• _DATASET ENTRIES_:

....

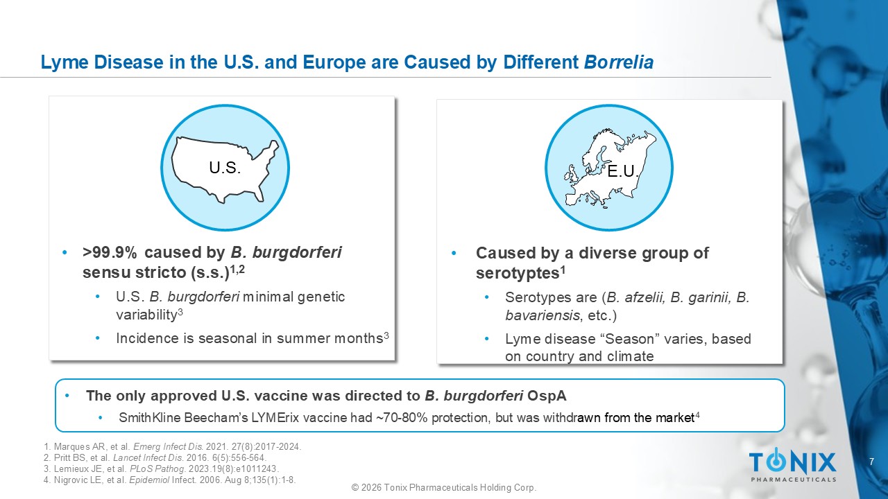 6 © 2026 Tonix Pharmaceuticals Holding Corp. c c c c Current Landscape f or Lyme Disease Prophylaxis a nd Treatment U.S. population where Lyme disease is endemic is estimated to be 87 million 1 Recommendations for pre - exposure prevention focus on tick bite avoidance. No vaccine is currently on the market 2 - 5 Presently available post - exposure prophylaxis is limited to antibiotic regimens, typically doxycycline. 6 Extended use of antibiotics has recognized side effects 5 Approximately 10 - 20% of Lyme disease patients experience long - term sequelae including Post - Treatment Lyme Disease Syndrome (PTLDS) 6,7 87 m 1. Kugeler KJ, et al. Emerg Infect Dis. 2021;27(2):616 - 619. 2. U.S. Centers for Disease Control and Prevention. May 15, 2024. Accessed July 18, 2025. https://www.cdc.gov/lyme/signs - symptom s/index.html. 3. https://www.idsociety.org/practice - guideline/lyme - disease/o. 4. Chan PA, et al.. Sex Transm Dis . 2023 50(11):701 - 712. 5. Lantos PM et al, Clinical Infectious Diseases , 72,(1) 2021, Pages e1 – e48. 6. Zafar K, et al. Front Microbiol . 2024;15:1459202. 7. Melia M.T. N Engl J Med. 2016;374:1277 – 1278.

....

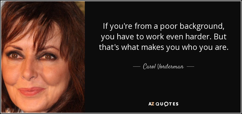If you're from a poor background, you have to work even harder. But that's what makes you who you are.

....

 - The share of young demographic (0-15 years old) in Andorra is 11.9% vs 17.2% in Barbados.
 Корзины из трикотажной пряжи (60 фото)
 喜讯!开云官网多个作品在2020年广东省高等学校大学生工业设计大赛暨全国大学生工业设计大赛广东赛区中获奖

....

Please return only the lines above, starting at the line that has "Корзины из трикотажной пряжи (60 фото)" and ending at the line that has "喜讯!开云官网多个作品在20", keeping both and leaving each one unchanged.

 Корзины из трикотажной пряжи (60 фото)
 喜讯!开云官网多个作品在2020年广东省高等学校大学生工业设计大赛暨全国大学生工业设计大赛广东赛区中获奖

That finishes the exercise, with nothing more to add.